This is not a criticism of the Israeli team. Their job was to present a case, not to find a verdict. But by matching a range of Metta's plays to Leela's top three choices they gave the appearance, echoed by the claim — by whom, I forget, but it does not really matter — that the probability that Metta cheated in that game is greater than 90%. (The Israeli team found a match of 98% for Metta's plays in the range of moves 50 - 150. Other runs found, as we might have expected, lower matching rates around 93%.) Matches to Leela's top choice were 72%; other runs may have found matches in the mid-60% range. Adding matches to the second and third choices made a big difference in the impression that the evidence gave. 98% matches?
A guilty verdict appeared to be a slam dunk.
To paint such an impressive picture required the assumption that Metta would sometimes pick Leela's second choice and the assumption that he would sometimes pick Leela's third choice. The assumption that he would sometimes pick Leela's fourth choice was not necessary.
The additional assumption was made that he would not pick an obviously bad play. The assumption was also made that Metta would pick a second or third choice in order to avoid detection that he was cheating. This assumption seems rather implausible, given that Leela reveals its second and third choices, possibly among others. How does picking one of them avoid detection?
The choice of the range of 50 of Metta's plays is also suspicious. The arguments that later plays in the endgame might be unreliable and that earlier plays in the opening might provide too many matches because of joseki are plausible. But I cannot avoid the nagging suspicion that a wider range might have been less impressive.
(In particular, Metta's move 37 is problematic for the cheating hypothesis, as we shall see.)
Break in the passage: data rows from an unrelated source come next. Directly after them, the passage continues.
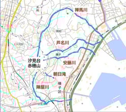 そんな丘陵と谷戸という地形はさまざまな恩恵をもたらしていた。丘陵から流れ出た水が谷戸で川となり周囲の田んぼを潤してきた。流域ではそれを飲み水や染物の布洗いなどで利用してきたし、栄養豊富な水は根岸湾に注ぎ、沿岸部の漁業を支えてきた。
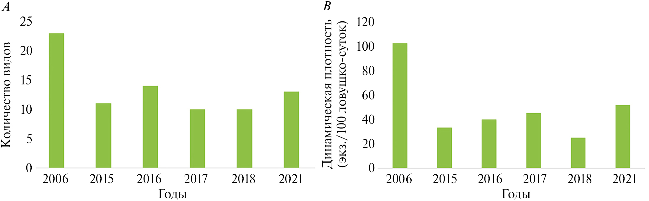 Рис. 1. Количество видов (A) и динамическая плотность (B) двупарноногих многоножек в разные годы.
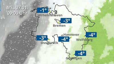 Diese Animation zeigt einen Wetterbericht für Bremen und Niedersachsen. Prognose vom 07. Januar 2026 um 00:10 Uhr
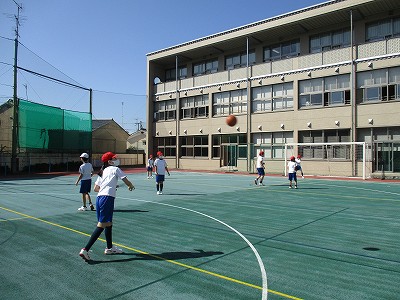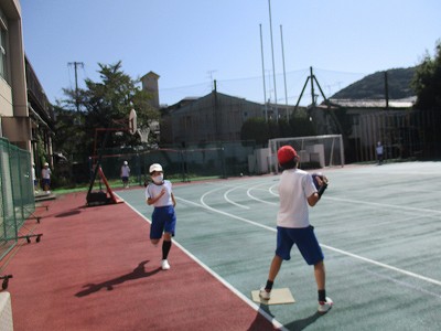 キックベースの練習をしました。まずは投げる練習から、不得意な人もいい感じで投げられるようになってきました。その後に試合をしました。守備の動きがスムーズになってきたように感じました。
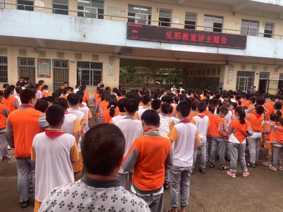2022年5月20日早操后组织全体学生进行反邪教知识宣讲。本次主题宣讲由邓红玉老师负责,邓老师通过什么是邪教、邪教有什么危害、应该如何抵制邪教、案例四方面对全体学生介绍了邪教的危害性。
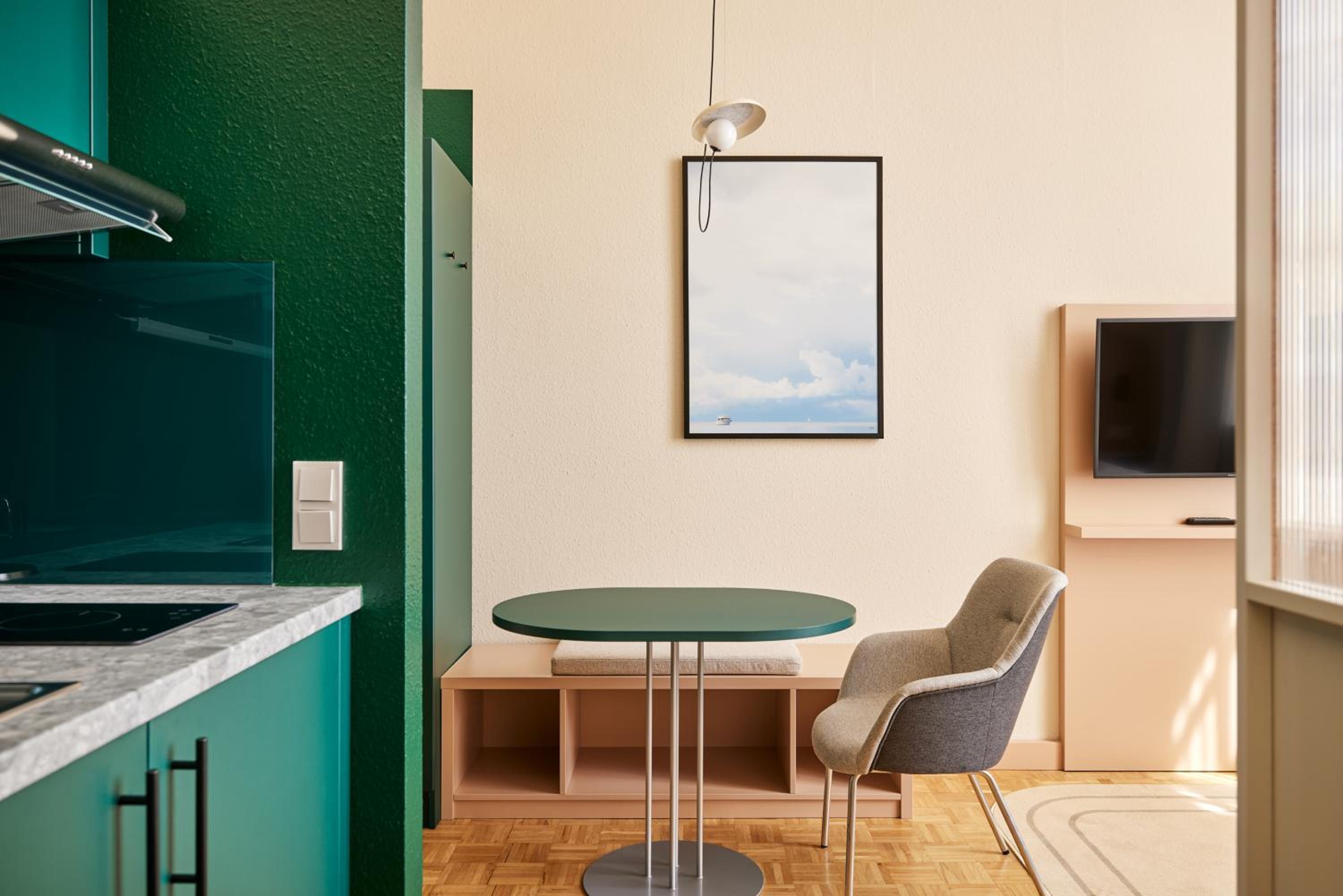 Freshly Furnished Apartments: Gästeresidenz PelikanViertel offers tastefully furnished apartments in various sizes, complete with kitchenettes and optional utensil provisions.
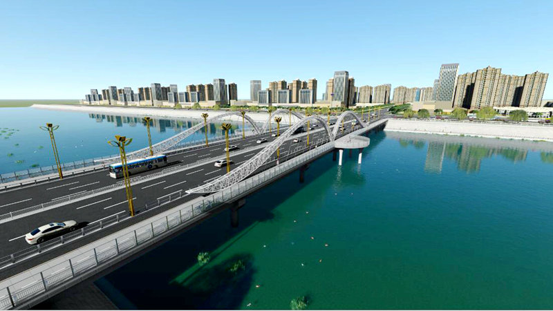 崇文街大橋工程,位于福山區(qū)崇文街與河濱路交叉口,東起河濱東路,西至河濱路,全長216米、寬45米,采用雙向八車道布置,設(shè)計(jì)時(shí)速50公里每小時(shí),工程計(jì)劃投資約5300萬元。橋梁設(shè)計(jì)圍繞 “飛鳥”這一特色主題,造型采用雙飛燕式異形拱為裝飾結(jié)構(gòu),橋梁形似一只展翅飛鳥遨游河邊,結(jié)合周邊碧水晴空的自然景觀,寓意未來的和諧環(huán)境,彰顯“福山飛躍”的美好寓意。
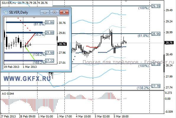 Цены на золото продолжают коррекцию в диапазоне пятницы. Вчера сформировался вновь внутренний бар по отношению к пятнице на дневном графике. Это значит, что цена вероятней пойдет вверх, и серебро это подтверждает. На дневном графике традиционно делаю два варианта движения цены на неделю, основной красный и альтернативный зеленый, склоняюсь к красному. Значимые уровни на сегодня отмечены на часовом графике. Индикатор АО находится у нуля, указывая на неопределенность. Индикатор тренда указывает на снижение, но его сейчас можно не смотреть. Buy 1572.00 или ниже со стопом 1565,00. Цель 1585,00.
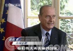 在希拉克總統啟程前,中央電視臺派出專訪組前往法國對他進行了專訪,當地時間9月28日上午,在法國總統府愛麗舍宮,希拉克總統接受了中央電視臺的專訪。
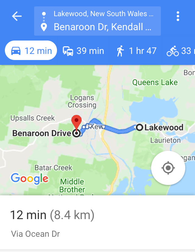 if someone was driving left out of Beneroon Drive that morning would MFC possibly passed in the opposite direction at all maybe..i have never been to the areaThanks poss. The reason for making the distinction between the two centres is that AFAIK William’s FF was at Lakewood attending his GoToMeeting on the morning of September 12, 2014, whilst BS was said to be at his office, having coffee with MS and attending a school presentation at Laurieton, approximately five kilometres away, that very same morning.
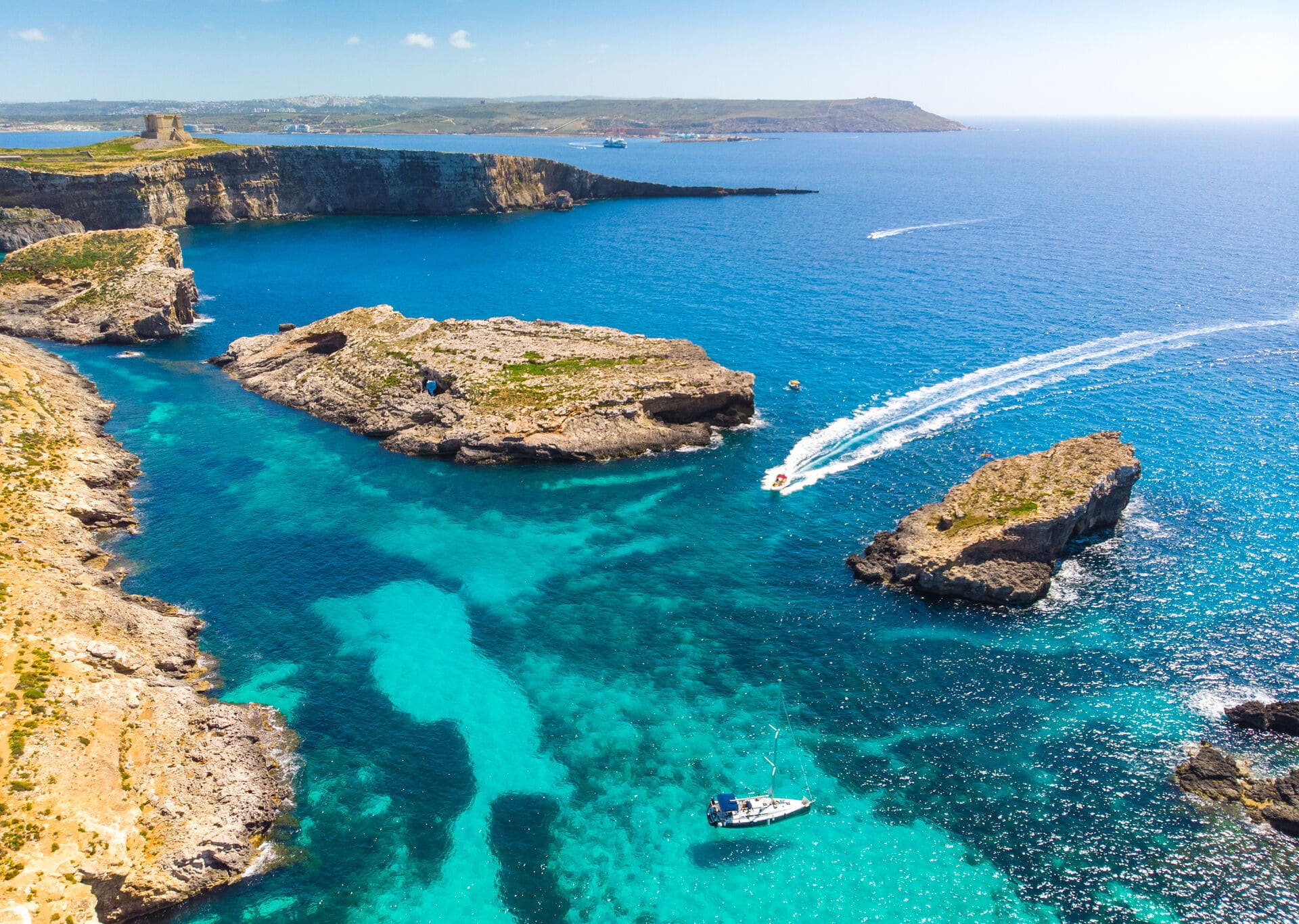 Comino – die dritte im Bunde - Auf der kleinsten bewohnten Insel des Trios (3,5 km2 mit gerade einmal 3 Bewohnern) gilt es die unberührte Natur bei einer kleinen Wanderung zu entdecken oder sich ganz der Blauen Lagune hinzugeben. Paddeln, Schnorcheln, Stand-Up-Paddling und Sonnenbaden stehen hier ganz oben auf der Liste. Also einfach mal die Seele baumeln lassen und das azurblaue Wasser der Lagune genießen.
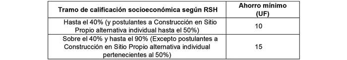 4.3. Los postulantes al presente llamado deben acreditar haber enterado el siguiente ahorro mínimo, conforme la calificación socioeconómica que presenten a la fecha de su incorporación al proyecto:

One thing my undergraduate research methods professor stressed was this:
A lot of people assume that the opening is not a good place to look for evidence of cheating in go by using a super strong bot. I disagree. That may make sense in chess, where players memorize openings and chess engines use opening books. But the opening is more fluid in go, and, perhaps more importantly, super strong go bots excel in strategy, which is paramount in the opening. That's where you can use a bot to advantage to take an early lead. And humans are imitating bots in the opening already. They are making early 3-3 invasions, playing some new AI joseki, and making attachments and diagonal contact plays that humans used to avoid in the opening. Some New Fuseki style plays have made a comeback, as well. Using a bot in the opening is not a dead giveaway. (OC, using a bot in a semeai may be a giveaway when the bot makes a mistake.
)
While I have raised questions about the accusations against Metta in this note, my main point is to show the deleterious effect of assumptions. Not only do they weaken a case, they can make it look better than it is.
The case against Metta began, IIUC, with the observation of a member of the Israeli team who was watching his game vs. Ben David, that a surprising number of Metta's plays matched the plays suggested by Leela 11. OC, that fact raises the question of cheating, and, IMO, justified filing a complaint. One way of cheating in online chess is to make the plays suggested by a superhuman engine. Analysis reveals that the suspected player, who has a modest rating, makes neither blunder nor mistake, but only makes a few of what chess players term inaccuracies. Such play is superhuman. In addition, there is often behavioral evidence, such as the suspected player belittling his opponent.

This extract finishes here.